However, variability in the elevation magnitudes emerged among the trait profiles, which offers insight in to the relationship between the DSM-5 traits and generalized interpersonal distress. In general, traits associated with the domains of Negative Affect, Detachment, and Psychoticism had the most elevated profiles. In contrast, on average the proposed primary traits associated with Antagonism and Disinhibition exhibited profiles with relatively lower elevation and some of these traits had only modest average correlations (i.e., < .15 for Grandiosity, Manipulativeness, Attention Seeking, and Risk Taking), One way to understand these lower associations with generalized distress is to consider that these scales are primarily associated with dominating and controlling others (i.e., being overly agentic), as opposed to feeling like one is helpless and being subjugated to the will of others. Therefore, the notion that general interpersonal distress is often, but not ubiquitously associated maladaptive expressions of personality is consistent with our results.

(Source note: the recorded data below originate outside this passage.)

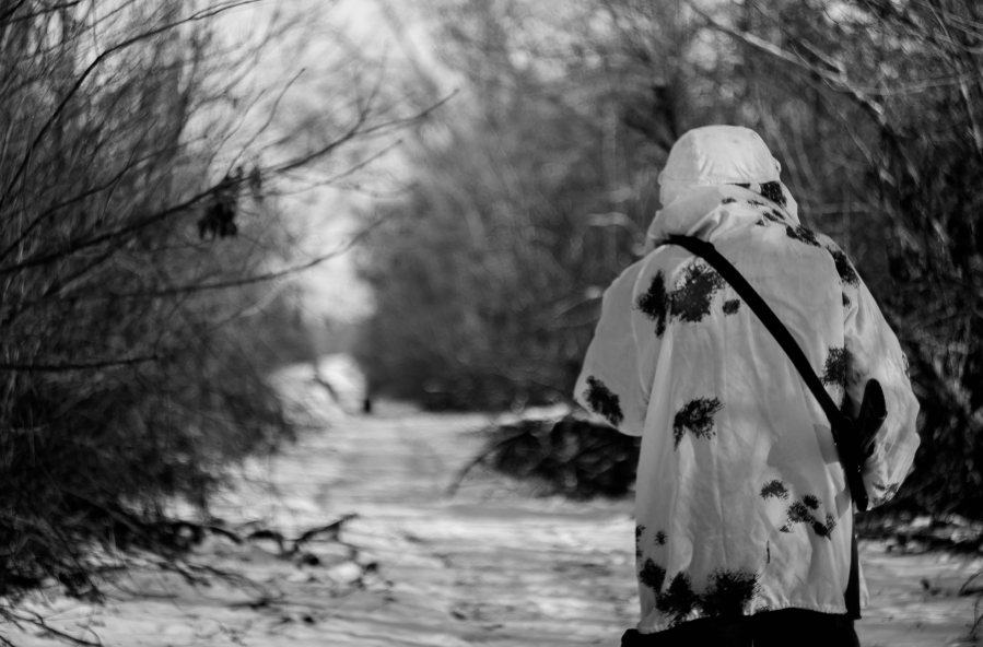 Paramos en el lugar en el que habitualmente nos colocamos el equipamiento de protección. Sacamos del maletero los casos y chalecos antibalas. Un minuto más tarde, ya vestimos la protección. Pero llamamos la atención. Entre la nieve de las trincheras, somos objetivos demasiado fáciles para los francotiradores ucranianos. Por eso, los militares amablemente intentan que nos camuflemos. Inmediatamente empiezan a preocuparnos los francotiradores. Nos encontramos muy cerca de uno de ellos. Llega rápido, un disparo. El sonido retumba en la pared de las casas. Viene de algún lugar cercano. Teníamos que movernos rápidamente hacia allí, donde venía el disparo.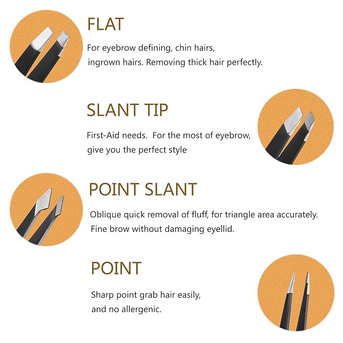 - Flat,Angled,Pointed and Slant tweezers to meet a variety of needs.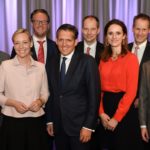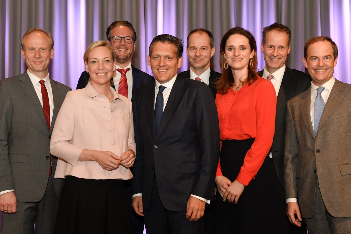 Einstimmig gewählt: Das IHC Präsidium für die Amtszeit 2019 bis 2021. Im Bild (v. l.): Dr. Harald Schlüter, Laura von Schubert, Philip F. W. Harting, IHC Präsident Eduard R. Dörrenberg, IHC Vizepräsident Christoph Mohn, Verena Pausder, Jörg-Uwe Goldbeck, Michael W. Böllhoff. Auf dem Foto fehlt Hans Beckhoff.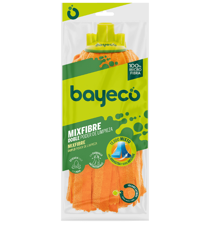 ¡La Bayeco Mixfibre es una pasada! Esta fregona de tiras 100% microfibra cuenta con un tejido mixto que aporta doble poder de limpieza: la tira más oscura arrastra mejor la suciedad, mientras que la clara facilita una mayor absorción. Además dispone con un casquillo anti-roces para proteger las superficies más delicadas.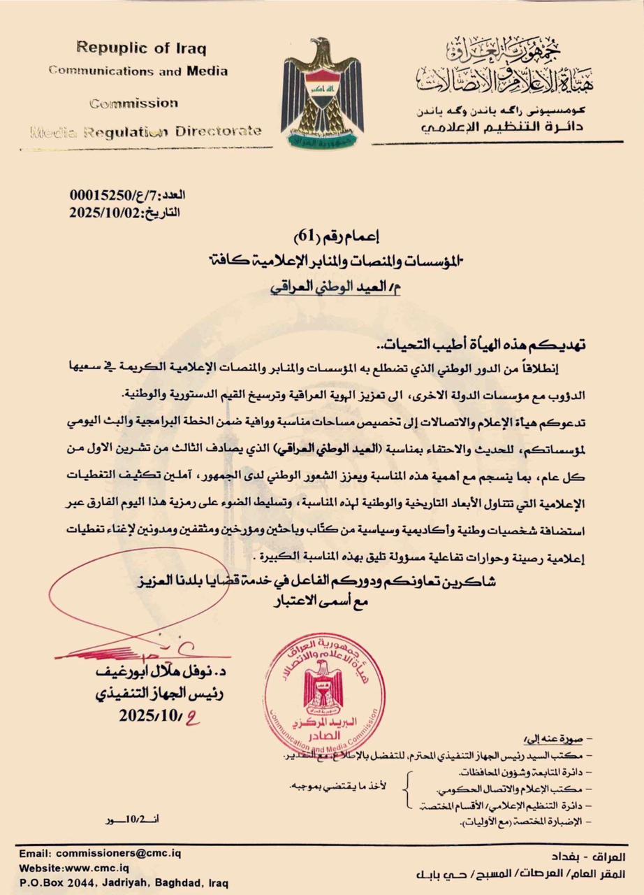 هيأة الإعلام والاتصالات تدعو المؤسسات الإعلامية لتكثيف التغطيات الوطنية والاحتفالية بذكرى العيد الوطني العراقي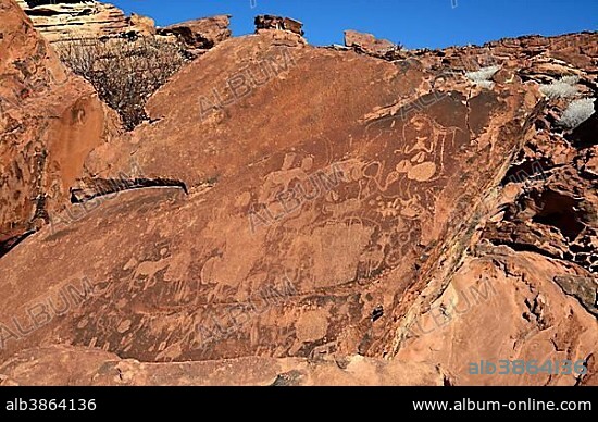 Rock carvings of the San people, Damaraland, Kunene Region, Namibia, Africa.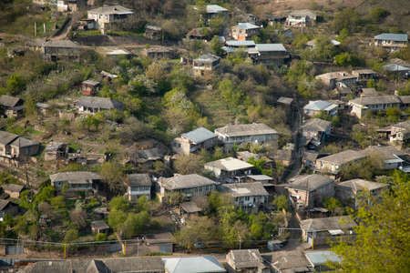 Small vilage with different buildings and green trees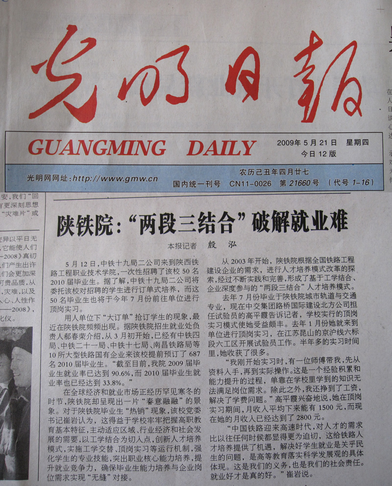 2009年5月21日光明日报第七版题:陕铁院:“两段三结合”破解就业难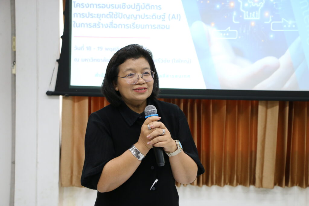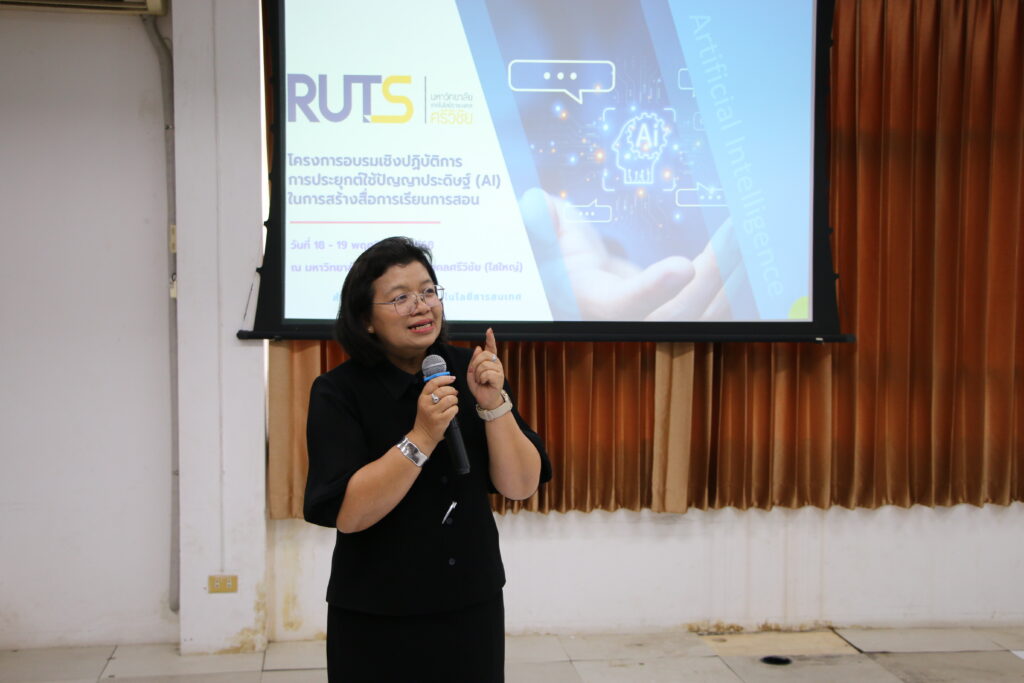 ซึ่งได้รับเกียรติจาก ผศ.ดร.ขวัญหทัย ใจเปี่ยม รองอธิการบดีประจำวิทยาเขตนครศรีธรรมราช เข้าร่วมเป็นประธานในพิธีเปิด เเละกล่าวรายงานโดย ผศ.ดร.ศักดิ์ชัย ตันติวิวัทน์ รองผู้อำนวยการฝ่ายบริหารงานทั่วไป โดยมีวิทยากร อาจารย์วิทูรย์ คงผล เป็นวิทยากรบรรยายให้ความรู้ เเละถ่ายทอดประสบการณ์และเทคนิคการใช้เครื่องมือ AI ในการจัดทำหนังสือและตำราอย่างมีประสิทธิภาพ โดยมีผู้เข้าร่วมอบรมประกอบด้วยคณาจารย์และบุคลากรจากหลากหลายคณะภายในมหาวิทยาลัย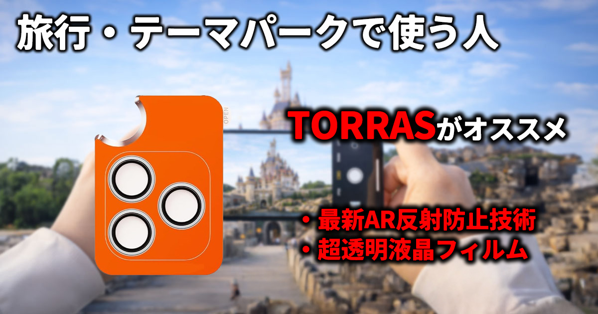 TORRASは最新AR反射防止技術と超透明液晶フィルムを組み合わせ、光の透過率99.2%を実現。さらにZRコートと墨塗り加工により、フレアやゴーストを徹底的に排除します。昼夜を問わず色の階調が安定し、人物も風景も「見たまま」に近い描写を残せるため、SNS投稿や思い出撮影が多い人に向いています。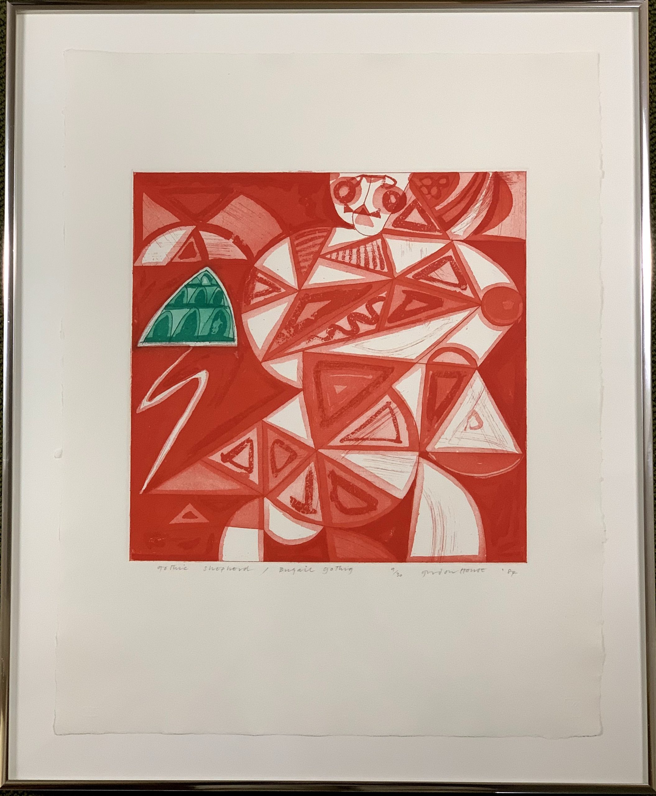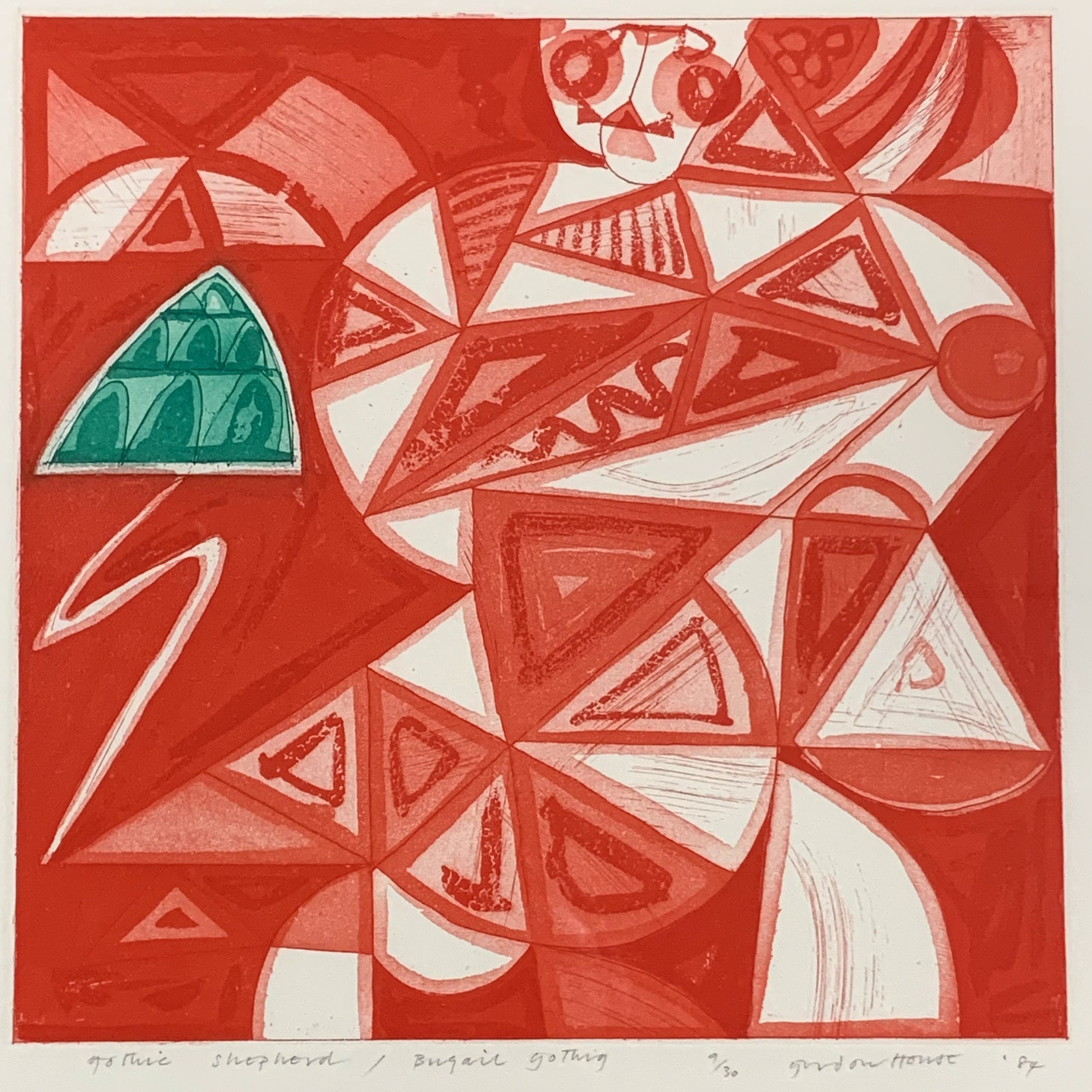 The Washington Color Gallery focuses on Washington Color School and related artists, along with works by great printmakers.  This work by the great printmaker Gordon House is a fine example of truly excellent print-making, though it depicts a world far from Washington, D.C. It weaves together compelling imagery, history, technical prowess, and imagination to create a work of beauty.

Another way to contextualize these novel findings is to link them to the well-known framework of traditional conceptions of PDs from prior editions of the DSM. Furthermore, this is a useful exercise as the constructs of antisocial, avoidant, borderline, narcissistic, obsessive-compulsive, and schizotypal PDs will be represented in DSM-5 via patterns of specific trait descriptions. When considered through this lens, the traits linked to DSM-5 conceptions of narcissistic (Grandiosity, Attention Seeking) and antisocial (Manipulativeness, Deceitfulness, Hostility, Callousness, Irresponsibility, Impulsivity, and Risk Taking) PDs exhibit the smaller associations with interpersonal distress. In contrast, the traits linked with DSM-5 conceptions of borderline (Emotional Lability, Anxiousness, Separation Insecurity, Depressivity, Impulsivity, Risk Taking, Hostility), avoidant (Withdrawal, Intimacy Avoidance, Anhedonia, and Anxiousness), and schizotypal (Eccentricity, perceptual Disregulation, Unusual Beliefs, Restricted Affectivity, Withdrawal, and Suspiciousness) PDs exhibit the larger associations with interpersonal distress. Finally, of the defining traits of the obsessive-compulsive type in DSM-5, Rigid Perfectionism was associated with more modest elevation, whereas Perseveration was associated with much higher elevation, suggesting that the components of this construct are differentially related to interpersonal distress.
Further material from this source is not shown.